This is the project’s legacy “architecture”:

Right off the bat, I’d like to note that this is not the architecture of the application, but a depiction of a specific presentation layer architectural pattern (hereinafter: PLAP). This distinction has practical implications. Developers who treat PLAPs as the app’s architecture tend to give this aspect too much attention, while neglecting other parts of the project, even if they’re more important. That said, the choice of a PLAP is indeed an important architectural consideration.

The above PLAP is the standard MVVM approach recommended by Google. I try to avoid ViewModels in my projects and prefer a specific flavor of MVC, but MVVM is what most small and medium Android projects use today. Therefore, no surprise here.

In the context of PLAPs, if you’re using Fragments in your project to represent screens, then it’s better to standardize this approach. What I mean is that it would be better for AbcActivity in the above diagram to contain a Fragment, even if that Activity corresponds to just one screen.
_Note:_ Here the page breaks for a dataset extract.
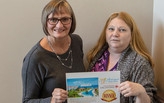 Helen Hayward (l) of The Travel Agent Next Door congratulates contest winner Bobbie W. on winning a trip for two to Jamaica, sponsored by Air Canada Vacations and Grand Bahia Principe. The Travel Agent Next Door contest helps agents to engage with clients and build their customer base.
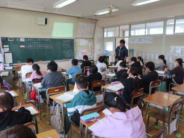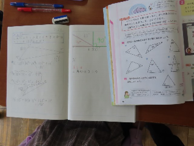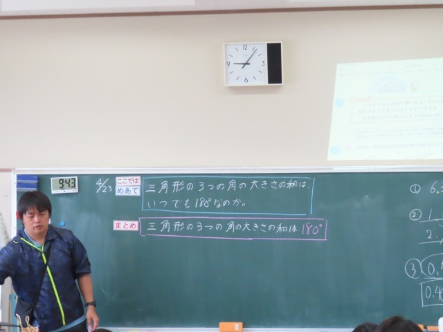 5年生の算数では「図形の角の大きさ」の学習をしています。この単元では三角形や四角形の角の大きさについて理解を深めていきます。本日は三角形の3つの角の大きさの和が180°になることを学習しました。子どもたちは実際に角度を測ったり、図を使って確かめたりしながら、そのきまりに気付き、意欲的に学習に取り組んでいました。

The reason is that, as the project grows in size and complexity, you want to be able to say “in this project, every screen is represented by a top-level Fragment”, without listing a bunch of exceptions.

Another representation of the old architecture is this diagram, which shows the lifecycles that affect the different entities:

Good and clear naming is very important in software, so I recommend avoiding “service” terminology in Android projects, except for when referring to Android’s Service class. Otherwise, you create ambiguity for no good reason. As far as I understand, what they call “service objects” correspond to either use cases, or repositories, or global managers. These are basically objects that contain business logic and/or state.

If my assumption is correct, then this diagram, just like the previous one, simply shows the officially recommended approach for Android development today. Therefore, whatever drawbacks and limitations Amazon devs found and experienced, they are directly attributable to that approach.

Problems with the Old Architecture

Amazon devs associated the following list of “bottlenecks” with the old “architecture”:

Driven by Android and its window management and not by business logic.
Different lifecycles with different teardown hooks.
Custom lifecycles like user scope adjacent.
Coroutine scopes provided by Android components.

Furthermore, since they didn’t implement a Unidirectional Data Flow pattern (hereinafter: UDF), they experienced these additional challenges:

Challenges synchronizing multiple screens.
No holistic overview of the state of the application.
Way too easy to mix business logic with UI code.
Many services pushed into application scope.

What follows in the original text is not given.